In January, 2018, a chair of data sciences was opened at the Collège de France by Stéphane Mallat, French researcher who had worked out in 1987 an algorithm at the origin of the future JPEG2000 format before creating a start-up producing chips for TV which allowed to improve the resolution of the image (production of a high-resolution image from a standard signal), after which he interested himself in deep-learning algorithm for problems connected to the automatic recognition of images.
In an interview for the newspaper La recherche1, he explains the reasons of the creation of his chair at the Collège de France and gives indications onto the contents of the classes he gives.

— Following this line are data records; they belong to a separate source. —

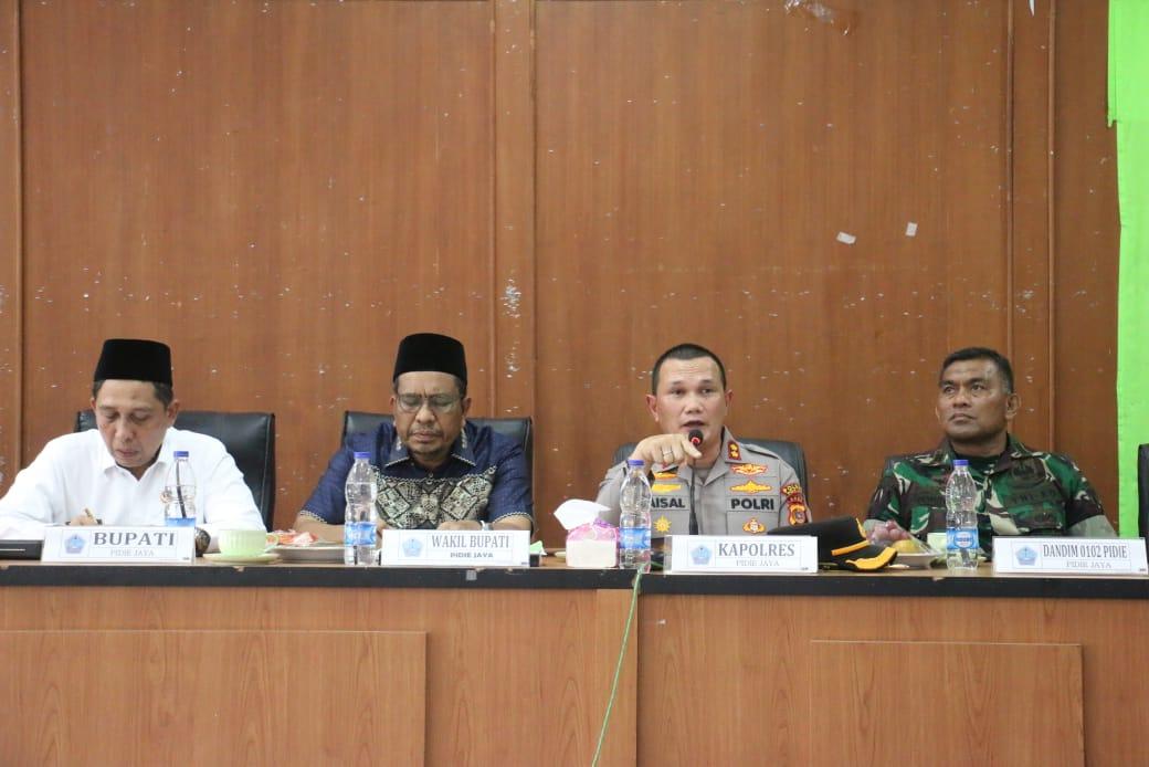 Komitmen tersebut ditegaskan dalam rapat koordinasi (rakor) yang digelar di Aula Cot Trieng, Kantor Bupati Pidie Jaya, Jumat (16/5/2025). Rakor dipimpin langsung oleh Bupati H. Sibral Malasyi. MA, S.Sos., M.E., dan dihadiri oleh seluruh jajaran Forkopimda, Ketua DPRK, Kapolres, Dandim 0102, Sekda, serta tokoh kunci seperti Ketua Pengadilan Negeri, Ketua MPU, Ketua Mahkamah Syariah Meureudu, dan Kakan Kemenag.
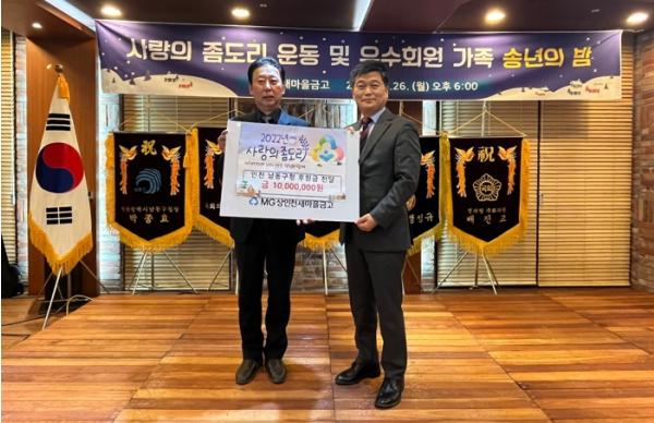 [스포츠와 엔터테인먼트의 만남 '스포테이너즈(SPORTAINERS)', 박재상기자] 인천시 남동구는 상인천새마을금고가 최근 “사랑의 좀도리 운동 및 우수회원 송년의 밤 행사”에서 연말 맞이 이웃돕기 후원금 1천만 원을 기탁했다고 30일 밝혔다.
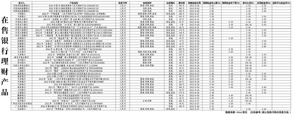 在售銀行理財產品[2012-03-16]
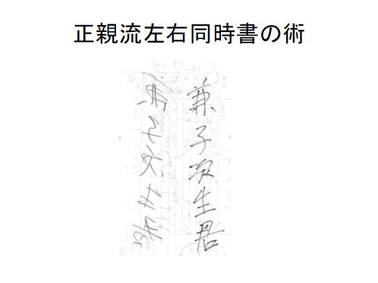 それからこれが、正親先生と私が初めてお会いしたときに、鉛筆を両手で持たれて「兼子次生君」と同時に両手で書かれたんです。
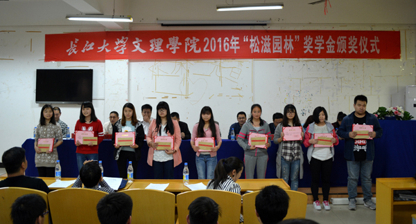 本网讯(记者 吴秀丽)4月15日下午,我院2016年“松滋园林奖学金”颁奖仪式在长江大学西校区图书馆学术报告厅举行,园林、景观建筑设计专业的18名优秀学子获奖学金。
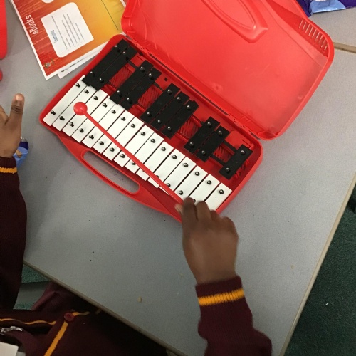 In this lesson, children used a tuned percussion instrument to play a song, they learnt 'ABC' following the music.
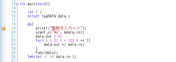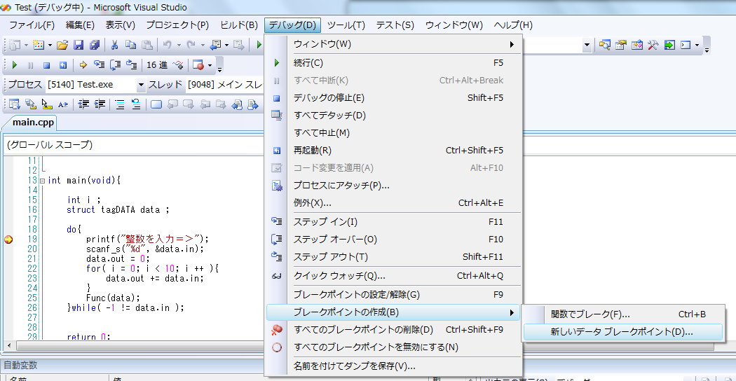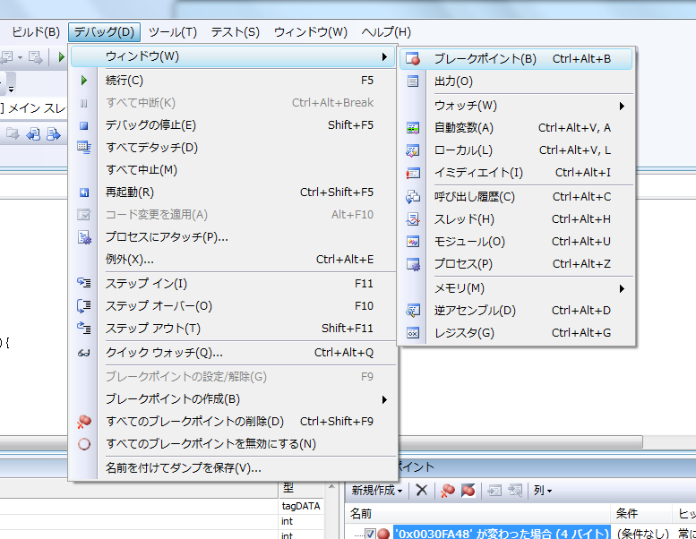 使い方ですが、まず適当なところにブレークポイントを置いて、F5実行します

For him, it was important that the name of chair was ” Data Sciences ” with the plural form because it is a multidisciplinary field of research. Indeed, although the used tools are always the same (applied mathematics, IT mathematics and IA, information theory etc.), the handled sets of data concern any sorts of sciences (physics, biology, cognitive sciences, economy, social sciences, etc.). Yet each of these sciences have their own approach to the problem of big data, what makes it a massively multidisciplinary domain. Moreover, Stéphane Mallat supports that the emergence of this discipline is not due to a scientific necessity, but rather to a social and university pressure, because these methods are deeply revolutionizing our societies (like chairs of computer science were imperative in universities, fifty years earlier). In fact, the actual pressure is such as Stéphane Mallat works at present on the opening of another chair of data sciences at the Ecole Normale Supérieure (a French school to form searchers). As a result, and as the domain just begins to crystallize, the main objective of his chair at the Collège de France will be to create a common vocabulary for all the concerned scientific disciplines, to describe problems connected to large-dimension data. In other words, to put the bases of this new science by creating a new vocabulary.

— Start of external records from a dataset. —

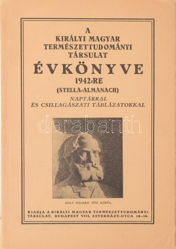 A Királyi Magyar Természettudományi Társulat évkönyve 1942-re (Stella-Almanach.) Naptárral és csillagászati táblázatokkal. Bp.,1942., Kir. M. Természettudományi Társulat. Kiadói papírkötés.
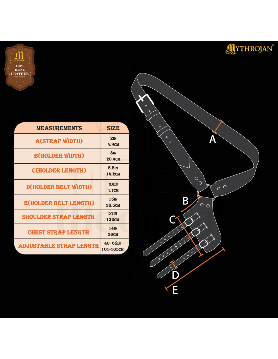 Pensé spécifiquement pour la main droite, ce harnais conserve une silhouette traditionnelle, idéal pour ceux qui recherchent à la fois authenticité et fonctionnalité. Sa construction permet de loger en toute sécurité des épées longues, des épées de bras et des répliques de LARP, s'adaptant à différentes longueurs sans complexité.
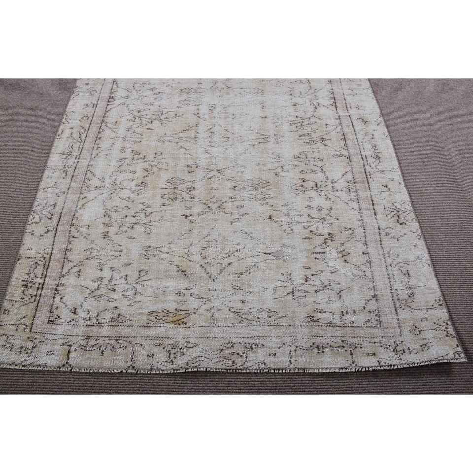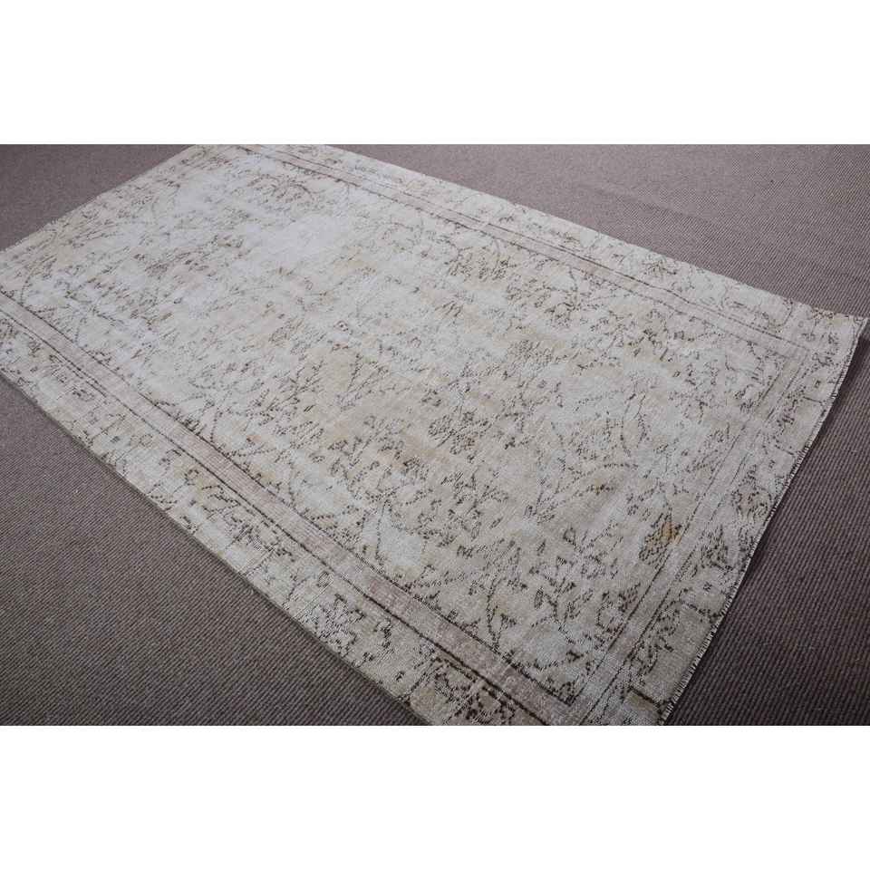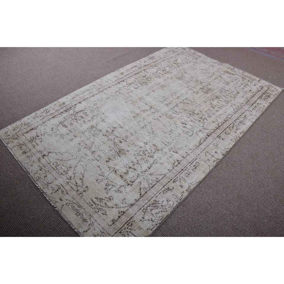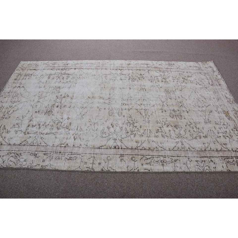 พรมวินเทจขนาด 4.8x7.9 ฟุต สีขาว พรมขนสัตว์โมร็อกโกตุรกี

Historically, if we want to understand where from comes this emergent domain, it is because of the accumulation of the data and the increase of the computing power that the applied math and the computer science met to give birth to machine learning. Because historically, we were first capable of storing a large amount of data, before knowing what we could do with it. Globally, the data sciences are used to reach two types of objectives: the modelling of a set of data (to generate new data, compress data, reconstruct or improve the quality of an image etc.) and the prediction (which consists in giving meaning to a set of data). At present, deep learning techniques work well for these uses, but we fail to understand why. Thus it is a whole domain of research to understand this, in order to make them more reliable for critical applications such as medical diagnosis or autonomous cars. Other areas of research concern the reduction of the number of dimensions of the problems by discovering and using multi-scales hierarchies (observation of the data with various scales) and symmetries (invariances) in the handled set of data.

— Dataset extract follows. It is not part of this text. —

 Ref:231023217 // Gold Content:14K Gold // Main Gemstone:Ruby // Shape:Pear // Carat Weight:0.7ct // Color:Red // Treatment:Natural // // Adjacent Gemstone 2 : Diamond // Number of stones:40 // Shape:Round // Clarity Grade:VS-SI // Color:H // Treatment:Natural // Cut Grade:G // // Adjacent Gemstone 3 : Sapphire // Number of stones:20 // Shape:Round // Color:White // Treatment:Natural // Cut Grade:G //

And because we have on one hand data warehouses and on the other hand quite an arsenal of applied math to use, one of the distinctive characteristics of this domain is that it is at the same time theoretical and experimental. It is indeed, according to Stéphane Mallat, from empirical approaches and remarkable intuitions of several researchers and engineers that were born the recent and sudden progress we know in the techniques of visual and vocal recognition, machine translation or still in Go and chess games. And it is for him the experimental search in this domain which brings to the foreground new mathematical problems; and that is why this correspondence between math and application is at the heart of his classes.